▶ _Instructions to follow_: Leaving the pictures aside, repeat the entries exactly.

Dataset entries:
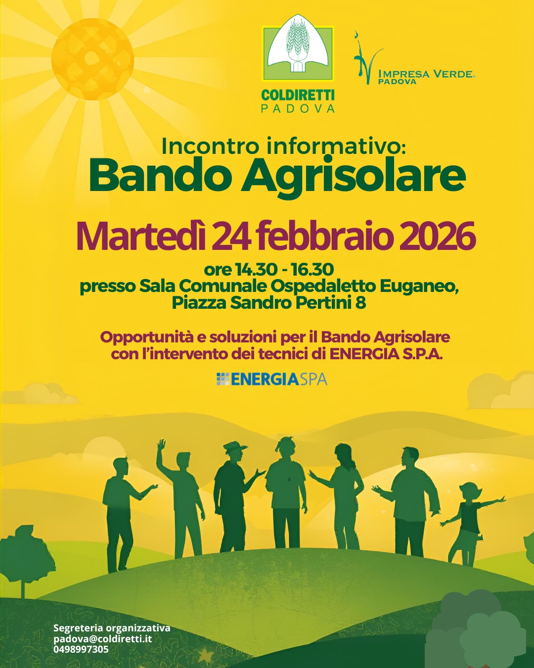Il settore agricolo guarda sempre più con interesse alle fonti rinnovabili e all’efficienza energetica. Per fornire risposte concrete e aggiornamenti tecnici sulle opportunità offerte dal Bando Agrisolare, Coldiretti Padova e Impresa Verde Padova organizzano un incontro informativo dedicato a soci e aziende del territorio. L’appuntamento è fissato per martedì 24 febbraio 2026, dalle ore 14:30 alle ore 16:30, presso la Sala Comunale di Ospedaletto Euganeo (Piazza Sandro Pertini 8).
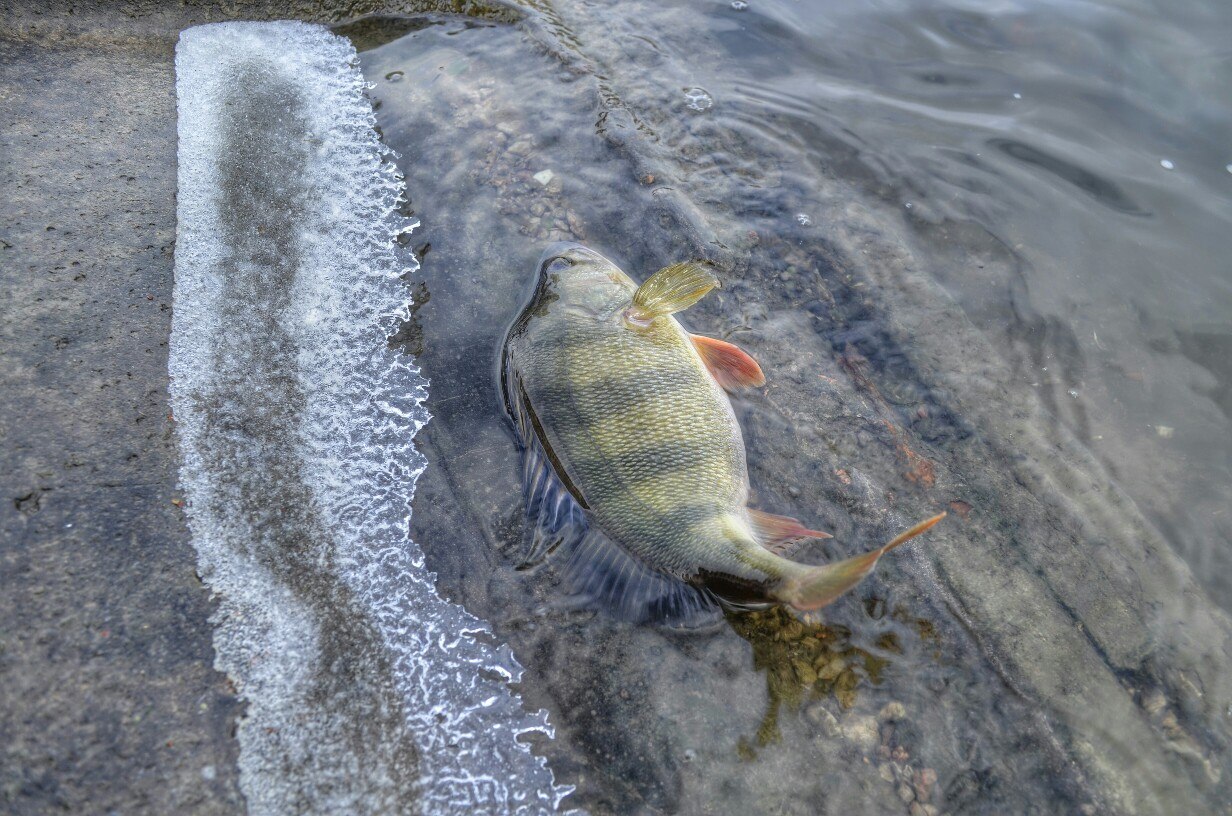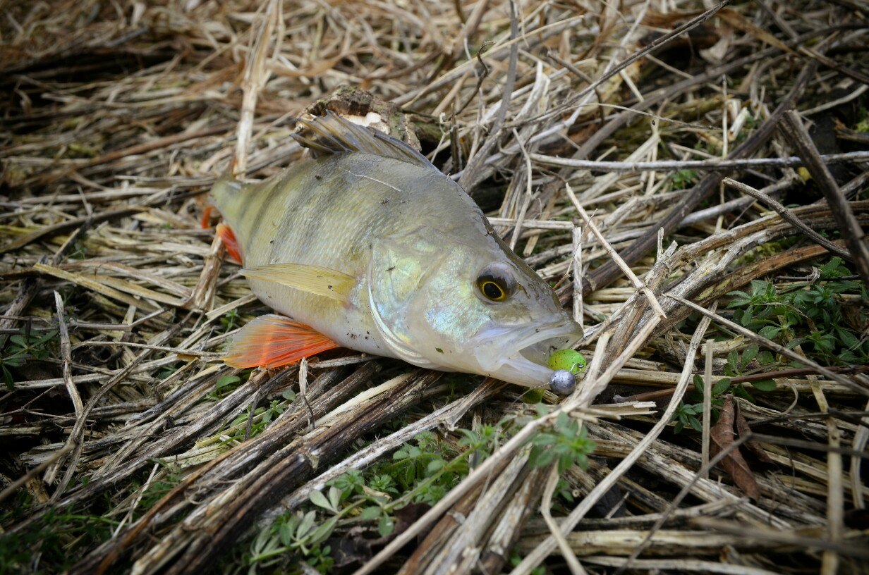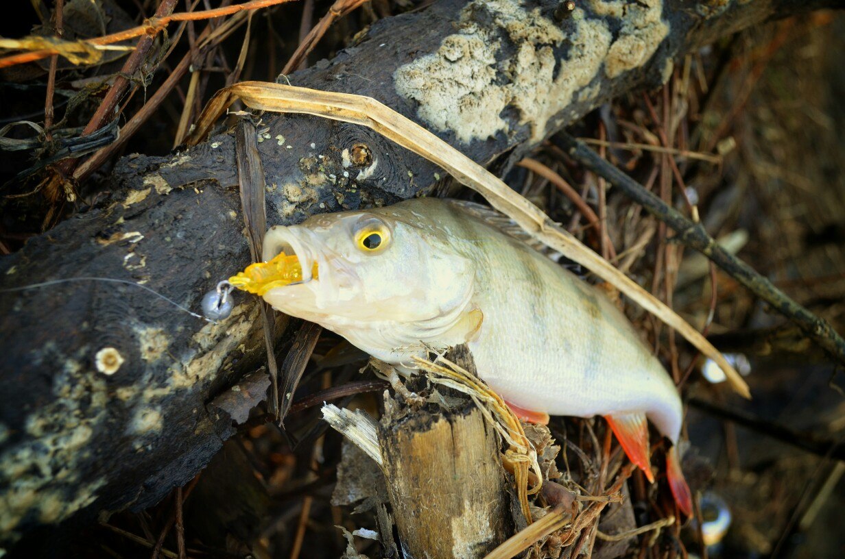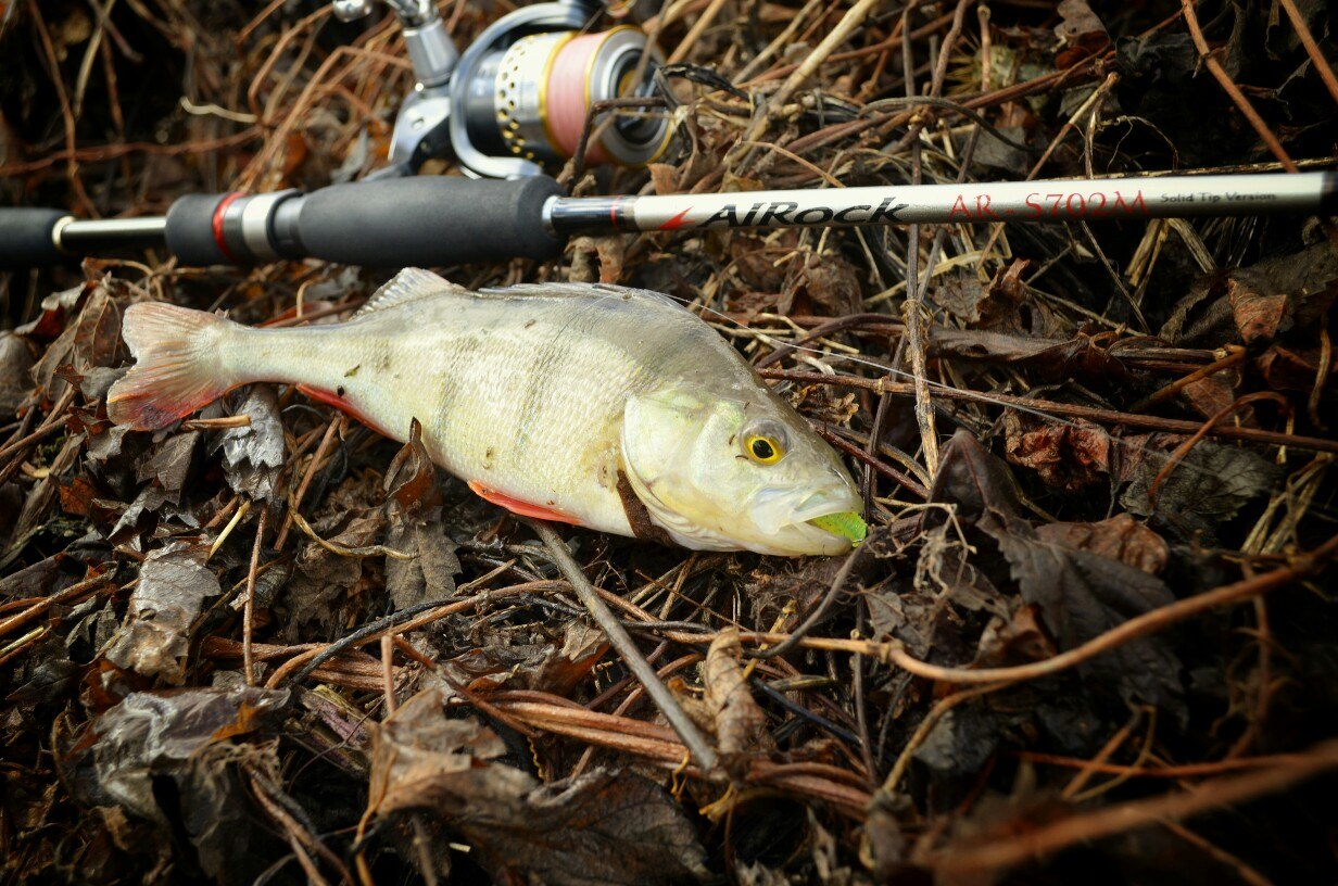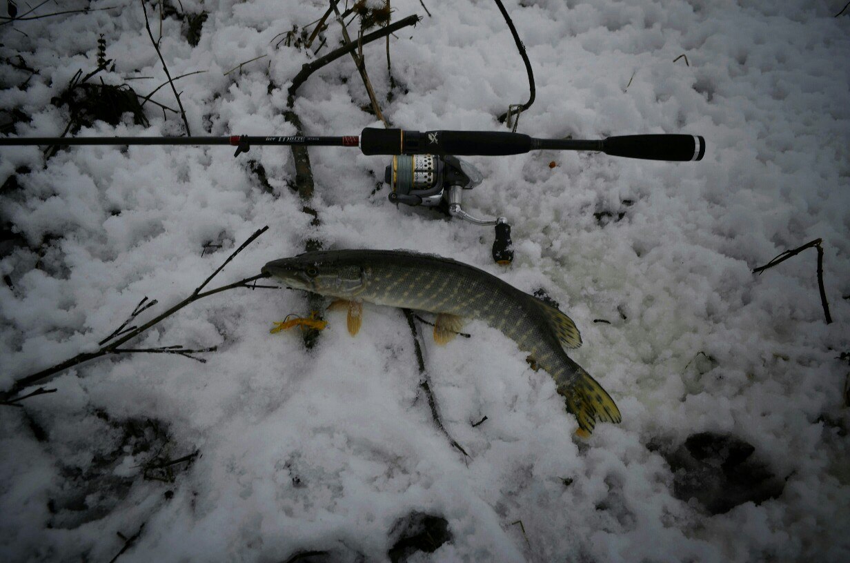 Первые 40 минут полная тишина. Потихоньку перебираю приманку за приманкой, но результата нет! Уж успел расстроится. Но на очередной проводке, чувствую ТУК! Короткая подсечка и есть небольшой окушок уже перед объективом. Дальше все пошло немного лучше))) Окуня клевали не часто но регулярно, без зубастиков не обошлось, вперемешку с окунями было три небольшие щучки )) И под завершение ловли, за все упорство и труд получаю мощную поклевку, подсечка и палочка приятно изгибается в паре с песней фрикциона. Две минуты борьбы и бонусная мамаша перед объективом. На этой приятной ноте заканчиваю ловлю.
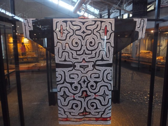 こちらはカパリミという衣服。他では見かけない特徴的なアイヌ紋様は、現代人から見ても魅力的なデザインに映ります。
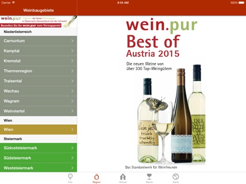 Die wein.pur App „Best of Austria 2015“ führt Sie zu den besten Weingütern Österreichs. 24 AutorInnen waren unterwegs, um die Weingüter persönlich zu besuchen und die Weine vor Ort zu verkosten.
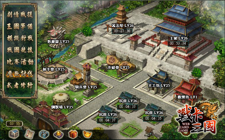 踏入亂世的初期,玩家擁有屬於自己的城池,還可依據欲召募的士兵種類而決定不同的升級方向。除了知名武將以及士兵軍隊的集結,更能根據內建的武者修行系統將原本實力普通的自己,進一步的提升自身成為可挑戰其他三國猛將的存在。
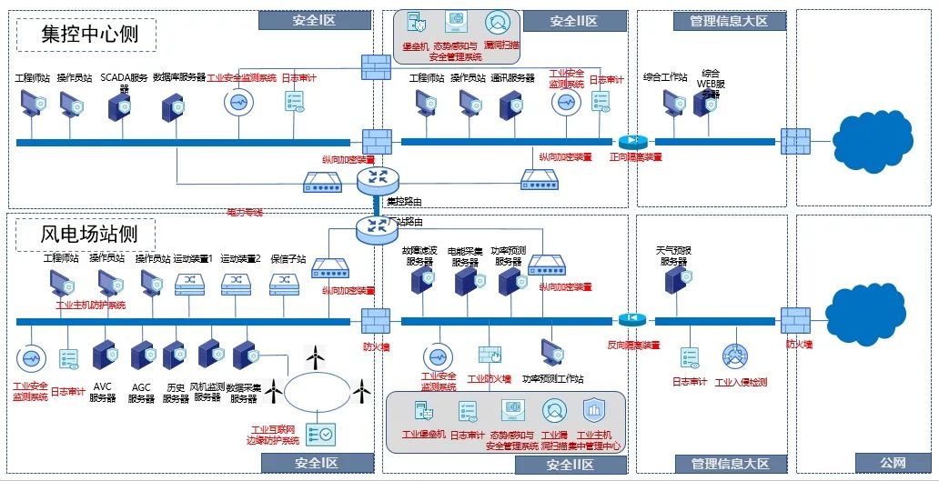 为了规避上述新能源电力项目中常见的网络安全问题,结合该油田低碳示范区风电项目的整体建设方案,奇安信安全专家将业务流转、不同层次的物理信息系统以及网络安全整合起来,从实际业务运营角度评估安全风险和安全防护,基于“三同步”原则(同步规划、同步建设、同步运行),制定了一份全面且针对性强的解决方案,确保安全措施能够全面覆盖、深度融合电力系统建设,并实现强制管控。
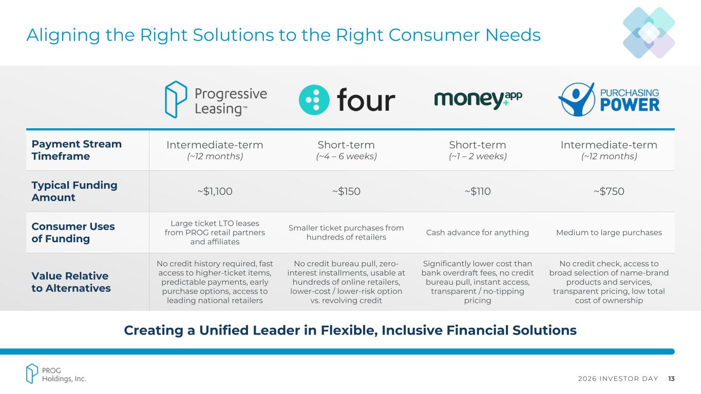 2026 INVESTOR DAY 12 Shared Customer DNA Across Our Ecosystem Typical Age: 35 – 54 Product Focus furniture, appliances, electronics; larger planned purchases What Customer Values transparency, reliability, durability, and simple terms Typical Age: 38 – 57 Product Focus necessities, home upgrades, stress relief, travel What Customer Values simple, pre-determined payment structure Typical Age: 18 – 34 Product Focus fashion, beauty, lifestyle; small ticket and discretionary purchases What Customer Values high digital engagement and low friction Typical Age: 18 – 34 Product Focus short-term liquidity between paychecks What Customer Values transparent, low-fee model with instant access to cash One Customer Segment, Multiple Financial Needs Shared Attributes Income-constrained (<$100K/yr) Credit Challenged Digitally Confident / Mobile First Value Transparency, Flexibility, and Speed
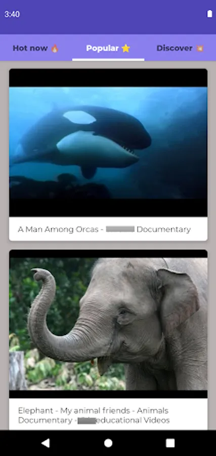 Explore our cute puppies' funny videos and spend a nice time learning about dangerous animals and the mysteries of the wildlife. Animal documentary online is a good app if you want to share our videos with friends or family through social networks. Improve your history knowledge by playing a documentary film about the deep sea, birds or dinosaurs. You only need your smartphone and an internet connection to do streaming. Discover how the beast is brute among other species in documentaries 4K. From the past to the present, receive the right information about the world fauna and flora.
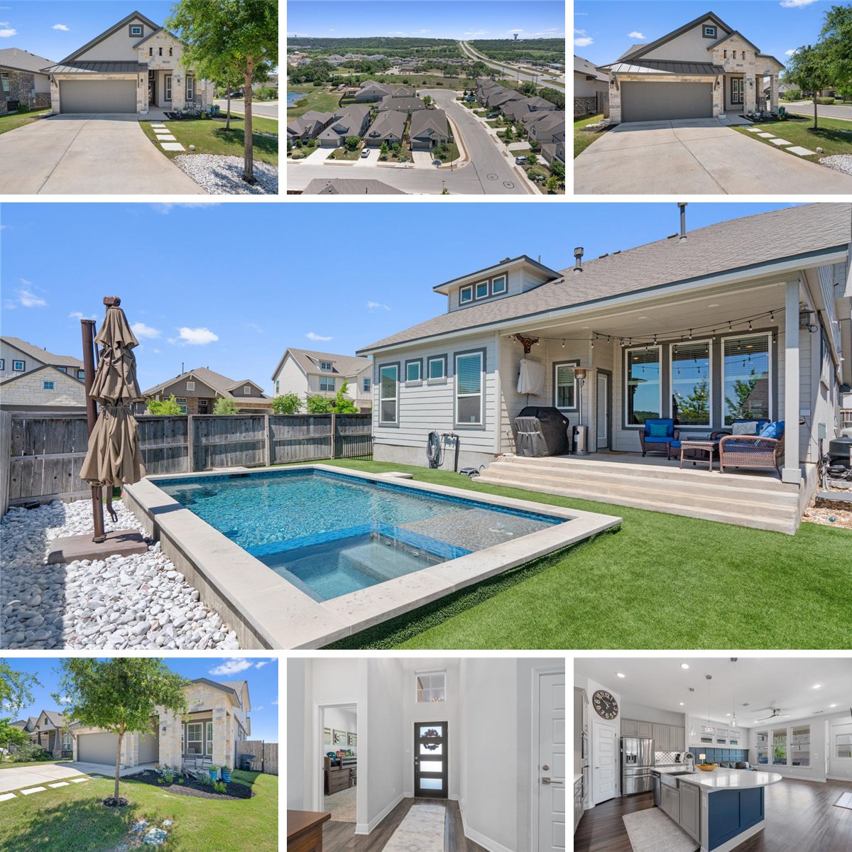 Welcome to this meticulously maintained home situated on a desirable corner lot in a quiet cul-de-sac in the highly sought-after Rancho Sienna community, part of the top-rated Liberty Hill ISD. This thoughtfully designed 4-bedroom, 3-bathroom home offers the perfect layout for multigenerational living, blending style, comfort, and functionality. The open-concept kitchen and living area are bright and welcoming, with large windows that fill the space with natural light. The kitchen is a chef’s dream, featuring elegant quartz countertops, a custom tile backsplash, and generous cabinetry. Matching quartz surrounds the living room fireplace, adding a sleek, modern touch. The main level includes both a spacious primary suite and a secondary bedroom, along with two full bathrooms—ideal for guests, in-laws, or extended family. Upstairs, two additional bedrooms, a full bath, and a versatile loft/game room offer flexible space for teens, college-aged family members, or a home office. Step outside into your private backyard oasis! A covered seating area and a built-in grill station (plumbed with gas) are perfect for entertaining. The custom heated and chilled pool and spa, built in 2023, allow for year-round enjoyment. The backyard features pet-friendly artificial turf for low-maintenance, clean outdoor living, and a separate fenced dog run adds extra convenience for pet owners. Living in Rancho Sienna means access to an exceptional community lifestyle—enjoy sweeping hilltop views, a resort-style pool, splash pad, 100+ acres of parkland, fishing pond, event lawn, miles of hike and bike trails, and a 24/7 fitness center. Conveniently located just 2 miles from H-E-B and other local amenities.

▶ _Solution for this problem_:
Il settore agricolo guarda sempre più con interesse alle fonti rinnovabili e all’efficienza energetica. Per fornire risposte concrete e aggiornamenti tecnici sulle opportunità offerte dal Bando Agrisolare, Coldiretti Padova e Impresa Verde Padova organizzano un incontro informativo dedicato a soci e aziende del territorio. L’appuntamento è fissato per martedì 24 febbraio 2026, dalle ore 14:30 alle ore 16:30, presso la Sala Comunale di Ospedaletto Euganeo (Piazza Sandro Pertini 8).
 Первые 40 минут полная тишина. Потихоньку перебираю приманку за приманкой, но результата нет! Уж успел расстроится. Но на очередной проводке, чувствую ТУК! Короткая подсечка и есть небольшой окушок уже перед объективом. Дальше все пошло немного лучше))) Окуня клевали не часто но регулярно, без зубастиков не обошлось, вперемешку с окунями было три небольшие щучки )) И под завершение ловли, за все упорство и труд получаю мощную поклевку, подсечка и палочка приятно изгибается в паре с песней фрикциона. Две минуты борьбы и бонусная мамаша перед объективом. На этой приятной ноте заканчиваю ловлю.
 こちらはカパリミという衣服。他では見かけない特徴的なアイヌ紋様は、現代人から見ても魅力的なデザインに映ります。
 Die wein.pur App „Best of Austria 2015“ führt Sie zu den besten Weingütern Österreichs. 24 AutorInnen waren unterwegs, um die Weingüter persönlich zu besuchen und die Weine vor Ort zu verkosten.
 踏入亂世的初期,玩家擁有屬於自己的城池,還可依據欲召募的士兵種類而決定不同的升級方向。除了知名武將以及士兵軍隊的集結,更能根據內建的武者修行系統將原本實力普通的自己,進一步的提升自身成為可挑戰其他三國猛將的存在。
 为了规避上述新能源电力项目中常见的网络安全问题,结合该油田低碳示范区风电项目的整体建设方案,奇安信安全专家将业务流转、不同层次的物理信息系统以及网络安全整合起来,从实际业务运营角度评估安全风险和安全防护,基于“三同步”原则(同步规划、同步建设、同步运行),制定了一份全面且针对性强的解决方案,确保安全措施能够全面覆盖、深度融合电力系统建设,并实现强制管控。
 2026 INVESTOR DAY 12 Shared Customer DNA Across Our Ecosystem Typical Age: 35 – 54 Product Focus furniture, appliances, electronics; larger planned purchases What Customer Values transparency, reliability, durability, and simple terms Typical Age: 38 – 57 Product Focus necessities, home upgrades, stress relief, travel What Customer Values simple, pre-determined payment structure Typical Age: 18 – 34 Product Focus fashion, beauty, lifestyle; small ticket and discretionary purchases What Customer Values high digital engagement and low friction Typical Age: 18 – 34 Product Focus short-term liquidity between paychecks What Customer Values transparent, low-fee model with instant access to cash One Customer Segment, Multiple Financial Needs Shared Attributes Income-constrained (<$100K/yr) Credit Challenged Digitally Confident / Mobile First Value Transparency, Flexibility, and Speed
 Explore our cute puppies' funny videos and spend a nice time learning about dangerous animals and the mysteries of the wildlife. Animal documentary online is a good app if you want to share our videos with friends or family through social networks. Improve your history knowledge by playing a documentary film about the deep sea, birds or dinosaurs. You only need your smartphone and an internet connection to do streaming. Discover how the beast is brute among other species in documentaries 4K. From the past to the present, receive the right information about the world fauna and flora.
 Welcome to this meticulously maintained home situated on a desirable corner lot in a quiet cul-de-sac in the highly sought-after Rancho Sienna community, part of the top-rated Liberty Hill ISD. This thoughtfully designed 4-bedroom, 3-bathroom home offers the perfect layout for multigenerational living, blending style, comfort, and functionality. The open-concept kitchen and living area are bright and welcoming, with large windows that fill the space with natural light. The kitchen is a chef’s dream, featuring elegant quartz countertops, a custom tile backsplash, and generous cabinetry. Matching quartz surrounds the living room fireplace, adding a sleek, modern touch. The main level includes both a spacious primary suite and a secondary bedroom, along with two full bathrooms—ideal for guests, in-laws, or extended family. Upstairs, two additional bedrooms, a full bath, and a versatile loft/game room offer flexible space for teens, college-aged family members, or a home office. Step outside into your private backyard oasis! A covered seating area and a built-in grill station (plumbed with gas) are perfect for entertaining. The custom heated and chilled pool and spa, built in 2023, allow for year-round enjoyment. The backyard features pet-friendly artificial turf for low-maintenance, clean outdoor living, and a separate fenced dog run adds extra convenience for pet owners. Living in Rancho Sienna means access to an exceptional community lifestyle—enjoy sweeping hilltop views, a resort-style pool, splash pad, 100+ acres of parkland, fishing pond, event lawn, miles of hike and bike trails, and a 24/7 fitness center. Conveniently located just 2 miles from H-E-B and other local amenities.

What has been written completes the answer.